The biggest deficiency is in translating
“We are at an inflection point for data-driven management,” says Prof Ravi Bapna of Carlson School of Management at University of Minnesota. His presentation highlighted the challenges of using data analytics in business. He argued that there are three main challenges:
- executive-level awareness of the art of analytics
- a shortage of talent
- organisational muscle and capabilities.
“Analytics ‘translation’ [into business strategy] is by far the biggest deficiency [in companies],” argued Prof. Bapna. To tackle these problems, he offered an organisational learning plan that consists of a test-and-learn culture, gaining experience with large-scale data processing, and moving from point optimization to end-to-end-process optimization using audio-visual and language processing.
Eight weeks from idea to market
John Staunton, CEO of Countr POS, an online retail Point of Sale platform, presented case studies of businesses and their use of AI, machine learning, and behavioural analytics. One case study of supermarket chain Spar’s introduction of cashier- and POS-less purchasing system showed that relying on mobile, self-serve, and digital payments, machine learning learns to personalize the customer’s in-store experience. It can take as little as just eight weeks from idea to market, Staunton suggests, and this is how digital business should embrace the analytics revolution. Echoing previous speakers, he underlined the importance of collaboration within business analytics as “nobody is an expert at everything [and] closed ecosystems do not work.”
Learn to manage new technologies
Senior Associate Dean of Fox School of Business at Temple University, Prof. Paul Pavlou highlighted the foundations of digital business strategy and offered an illustration of its trajectory. Referring to recognizable phenomena such as digital platforms, AI, and the Internet of Things (IoT), Prof. Pavlou offered a prediction of the rise of Future and Emerging Technologies. As digital business advances into the Fourth Industrial Revolution, “sophisticated technologies are likely to emerge, such as nanotechnology, new materials, biometrics, and quantum computing.” He advised that learning to manage these technologies would allow for “sustained competitive advantage.”

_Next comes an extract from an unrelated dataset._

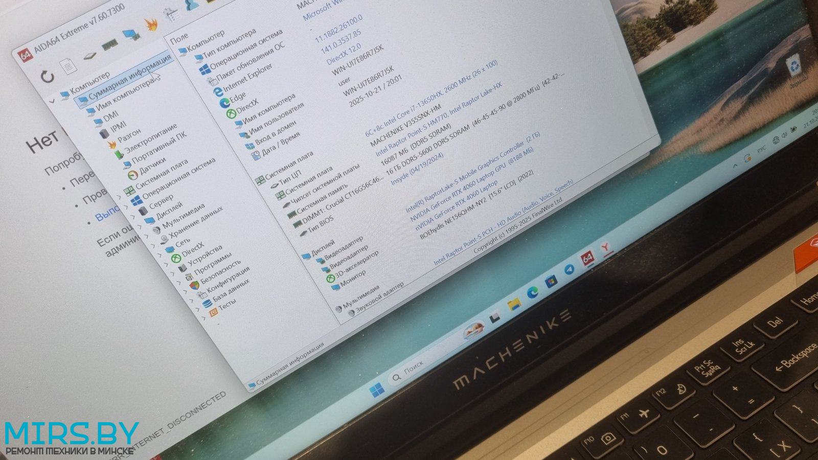 Игровые ноутбуки Machenike Light 15 Pro L15P все чаще появляются в мастерских столицы Беларуси, так все больше идет рекламы в сети Интернет данной марки, а молодое поколение склонно верить рекламе, к этому добавим и сравнительно невысокую стоимость китайских игровых аппаратов, по сравнению с флагманами рынка при тех же заявленных технических характеристиках (за 4000 белорусских рублей клиент получает хорошую IPS матрицу 15.6" с разрешением 2560 x 1440 и частотой 165 Гц, мощный процессор Intel Core i7 13650HX, свежую оперативную память 16 ГБ DDR5 (Crucial от Микрон одной планкой, что дает возможность апргейдить лаптоп добавив просто вторую во второй слот до 32 ГБ, кстати сами ставим оперативную память и SSD от данного производителя, подробнее про апгрейд ноутбука почитайте в статье по ссылке), неплохой SSD 1024 ГБ, мощную видеокарту NVIDIA GeForce RTX 4070 8ГБ). Официального сервисного центра Машенике в Беларуси на момент обслуживания ноутбука нет (есть в России, Малайзии и на Филиппинах), поэтому некоторые запасные части проблематично заменить, приходится заказывать из Китая.

The ethics of data analytics for privacy and data sovereignty
Moderated by RSM’s Prof. Peter Vervest, the Digital Economy Summit concluded with a panel of data experts from business and academia: Jan-Kees Buenen of Synerscope; Martijn Imrich of Xomnia; Dr Nelson Granados of Pepperdine University; and Prof. Rajiv Garg, of University of Texas at Austin. The interactive discussion addressed questions from participants, and insights and opinions from audience members were welcomed.
The panel tackled the debates surrounding co-creation in the era of big data. An intricate discussion towards the end of the session addressed the ethics of data analytics for privacy and data sovereignty. Prof. Garg dove deeper into this question and raised issue of bias of machine learning and AI for social groups such as nationality, race, and socio-economic status. An argument offered was that it is not the tools themselves that carry these biases but how practitioners program them. Panelists, supported by various participants in the audience, agree that such flaws do not invalidate the pursuit of data science; on the contrary, it is motivation to direct further cross-sector research to confront this issue.